Radial and linear homogeneous reservoir models provide the characteristic behaviors of radial and linear flow regimes one often identifies (at least during certain time periods) in well tests. It is, therefore, natural to extend these models to heterogeneous conditions. Of course, this assumption implies that the heterogeneities with only radial or linear symmetry are being considered. One may argue that this is too restrictive and that such a symmetric heterogeneity variation around a well is very unlikely.^{1} This argument may have some merit if one associates heterogeneities with rock properties only. In transient well-test analysis, however, the heterogeneous pressure behavior is very often identified with deviation from the single-phase homogeneous pressure behavior. From this point of view, the heterogeneities are associated with spatial variation of the transmissivity (*kh*/µ) and storativity (f*c _{t}h*) coefficients and not only rock properties.

Radially symmetric variations of transmissivity and storativity coefficients may develop as a result of the formation of second phase in the vicinity of a producing well (gas evolution in oil reservoirs or condensate formation in gas condensate reservoirs), or as a result of gas, water, water alternating gas (WAG), or steam injection into an oil reservoir. Composite models that consider piecewise constant variation of properties have often been used in these situations.^{2–4} In these models, the space domain is divided into a number of subdomains (rings) with constant properties. The problem effectively reduces to a problem with constant coefficients. A general radial model that allows more realistic variation of properties would be more appropriate in these cases.

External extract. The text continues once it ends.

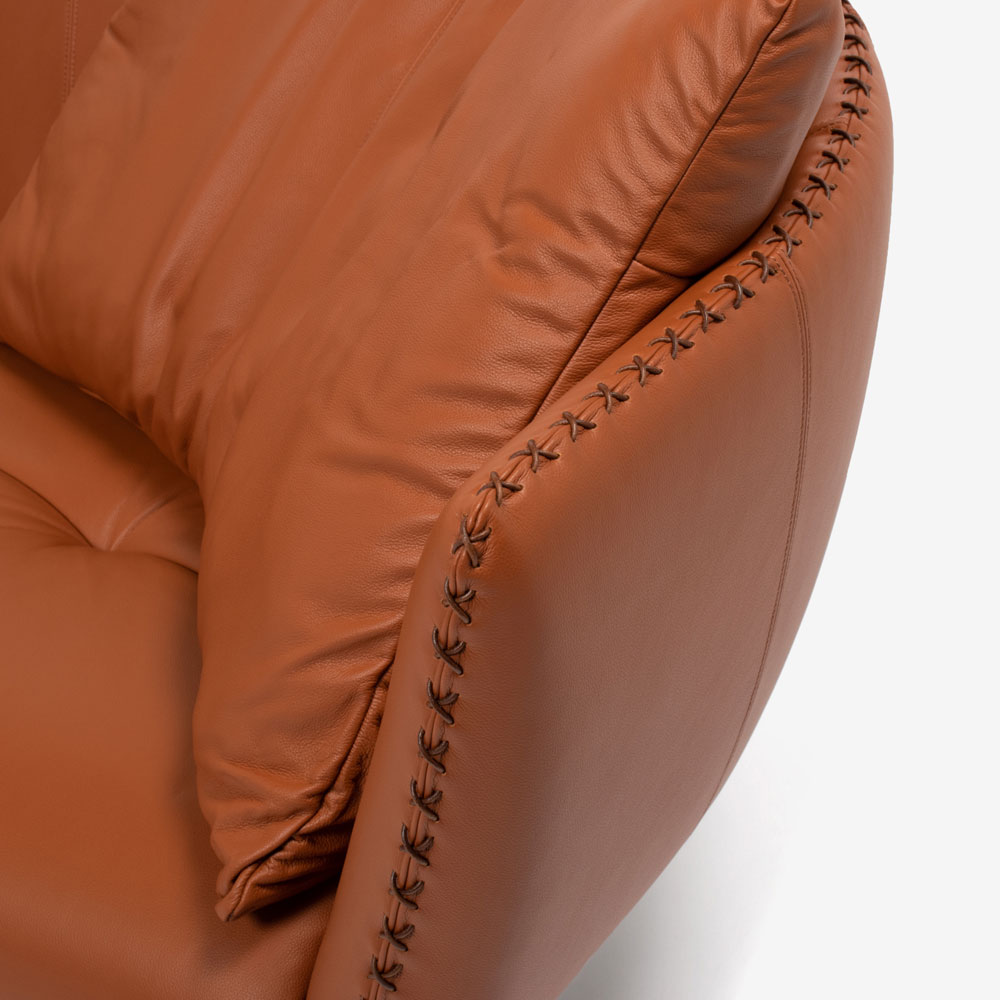 デザイナーのマティアス・ホフマンのインスピレーションと、デセデ社の技術が融合したからこそ実現できる三次元フォルムです。特に後ろから見た時のインパクトは大きく、壁付のレイアウトだけではなく背中を見せるレイアウトもおすすめです。

In the general case of storativity and transmissivity variations, the pressure diffusivity equation is an equation with variable coefficients. There are no universal and effective analytical techniques for solving this problem exactly. For this reason, Oliver^{5} used a perturbation method to solve the drawdown problem. Actually, he studied a simpler case of small permeability variation near some characteristic value. Oliver found the first term in the infinite series expansion of the solution with respect to this small parameter. In his later work,^{6} Oliver extended the perturbation technique to the problem of both transmissivity and storativity variations. Oliver's solution provided remarkable insight into the nature of well testing and stimulated a series of publications, beginning with one by Oliver himself,^{7} addressing the inverse problem of reservoir property estimation from well-test data.^{8,9} We should note, however, that Oliver's solution is an approximate solution of the pressure transient problem that is valid only for small coefficient variation. Feitosa *et al*.^{8} found that when comparing with numerical simulation for a multicomposite model (5 zones) in which the permeability varied from 10 to 40 md, the Oliver's solution did not accurately match the simulation results. They even proposed an empirical correction for Oliver's solution to improve its accuracy.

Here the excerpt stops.